昨日は朝一の飛行機で、某県の刑務所へ受刑者の面接に出かけた。
仮釈放がもらえれば私の担当になるので、今後のことなど事前に会って話しをし、信頼関係を築くことが目的だ。
これを施設面接と言いい、これまであちこちの刑務所に出かけた。
せっかく遠くまで行くのだから、できれば一泊し、その土地を見て歩きたいが、雑事に追われてその余裕がなく、いつも日帰りの強行軍である。
それで今回も朝一の出発で、帰宅は深夜になった。
帰途、「罪を憎んで、人を憎まず」ということを考える。
罪を犯すのは「その人間」であるから、その人を離れて「罪」は存在しない。
論理的に考えれば、「罪」を憎むということは「その人」を憎むことになる。
しかるになぜ、「罪を憎んで、人を憎まず」と諭(さと)すのか。
それは、やってはいけないことと頭ではわかっていながら、己(おのれ)の意志のおよばぬ縁によって罪を犯してしまう人間の業(ごう)を言うのだろう。

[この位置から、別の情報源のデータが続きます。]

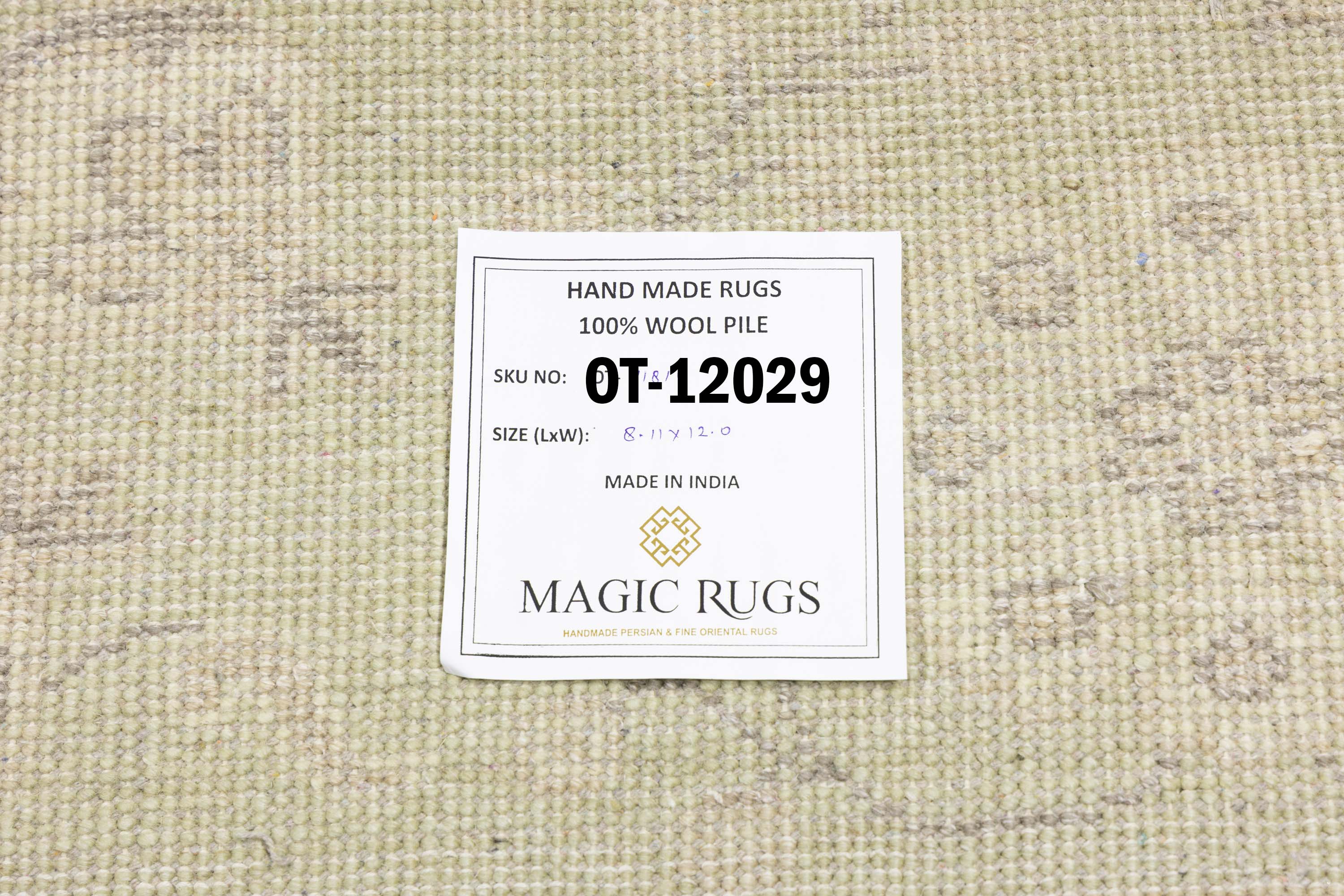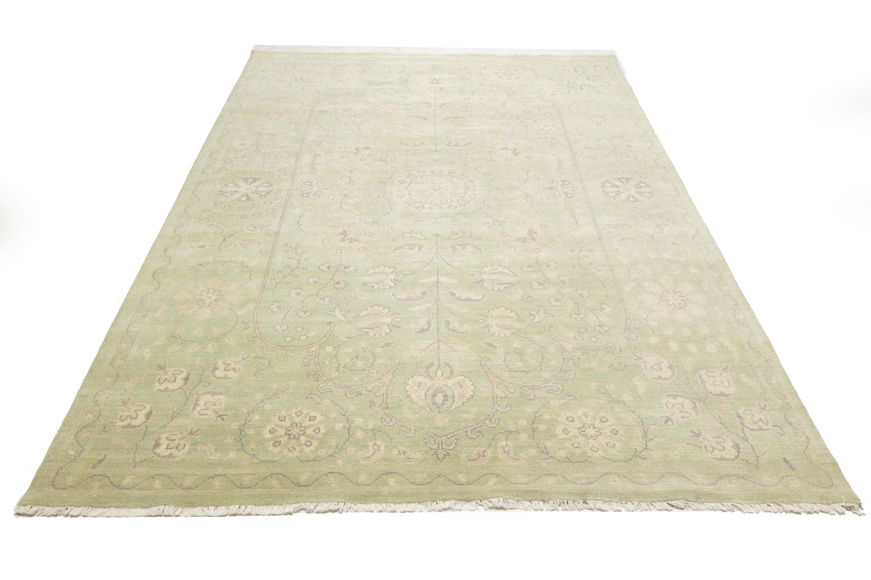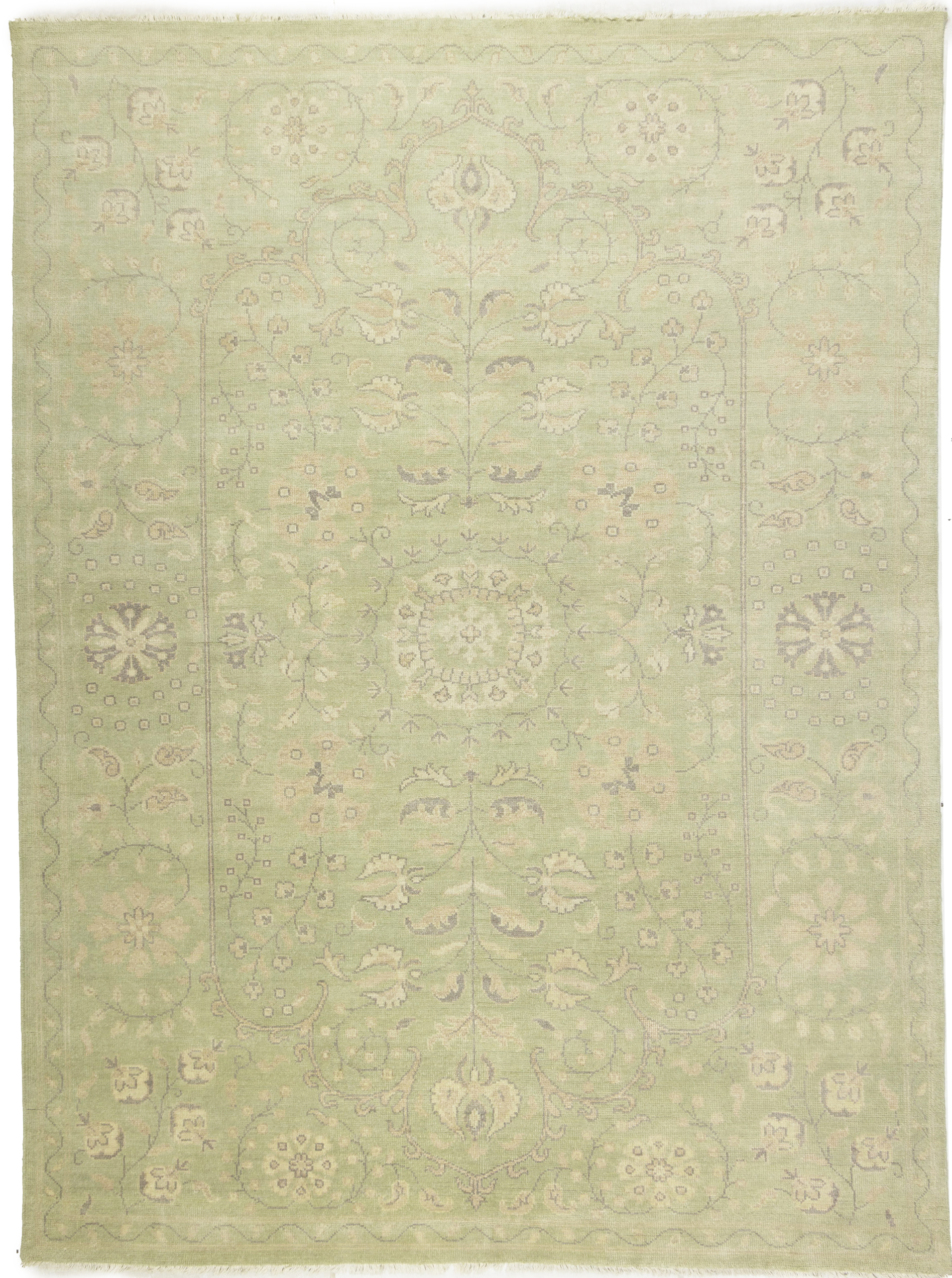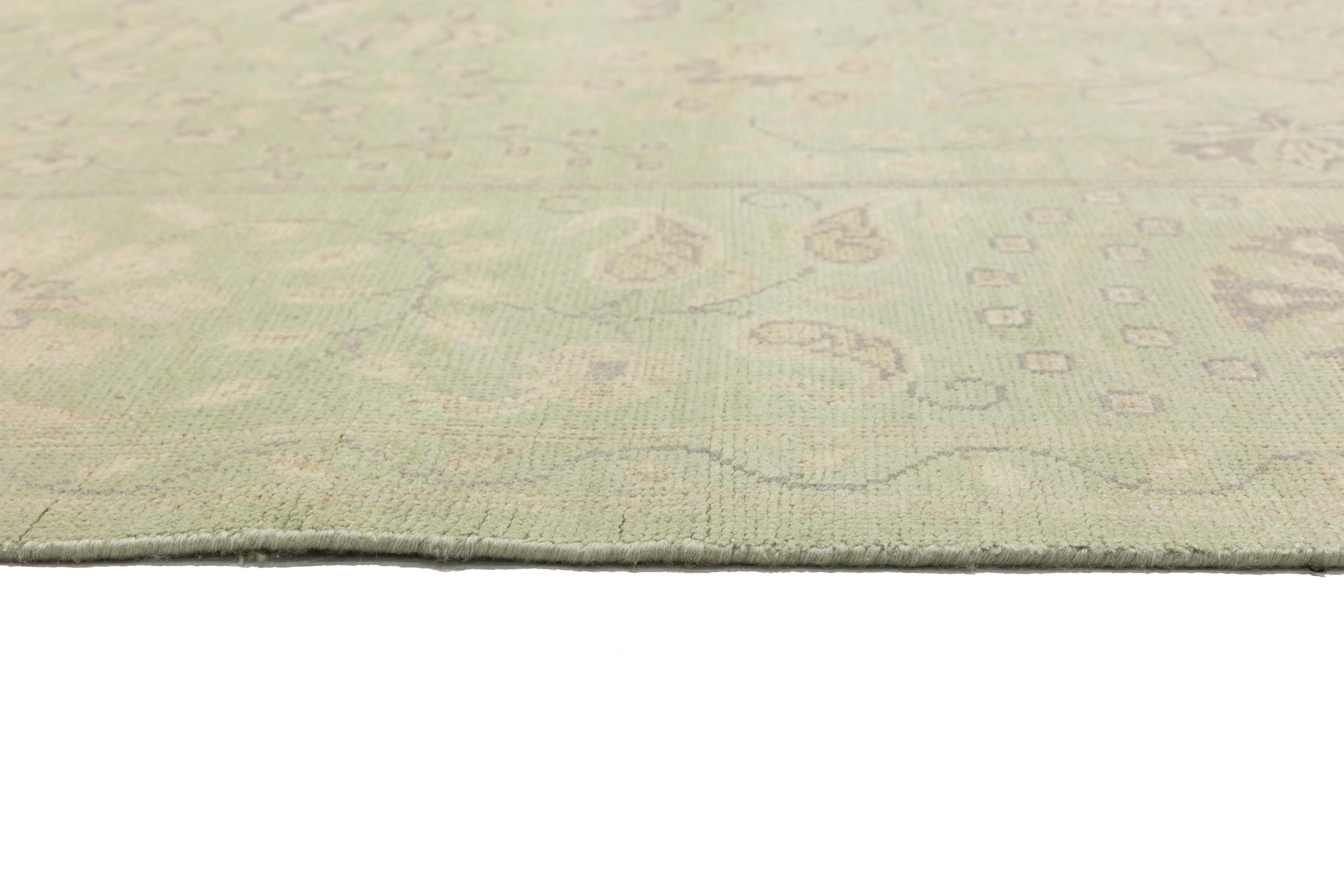 This genuine 9x12 light green new Oriental rug was made by the hands of gifted weavers inspired by a variety of spectacular artistic designs, to recreate the aged look of the original piece with a richness of color and ornately patterned background field. What set this vintage style Oriental area rug from the others are the material and dye used (wool pile and cotton foundation), knot count, ancient designs, fantastic grades, and its regional historical connection: it has deep roots, from the story of the people who produced it to the meaning of the symbols and colors displayed across its canvas that have been praised for centuries. This Indian home décor carpet will be completely cozy and inviting that never will go out of style! Also, this Oriental rug would be among your most valuable treasures, it is a great investment that accrues value over time, and it will last for generations because was woven with high-quality, all-natural wool. Environmentally friendly, opulent yet affordable; this rug will give you a thorough amount of character to help define your living space with elegance and warmth that will capture the eyes and attention of your audience (homeowners, designers, decorators, family and friends). OT-12029

したがって憎むべきは、人間が等しく宿すこの業であり、「その人間」ではないというわけである。
仏法的にはそうだが、施設面接で、
「あんたが悪いんじゃない」
と受刑者に言えば、立ち会う刑務官は目を剥くだろう。
なぜ罪を犯すのか、更生するとはどういうことなのか、受刑者は獄中で何を考えているのか・・・。
刑務所に出かけると、いろいろ考えさせられるのだ。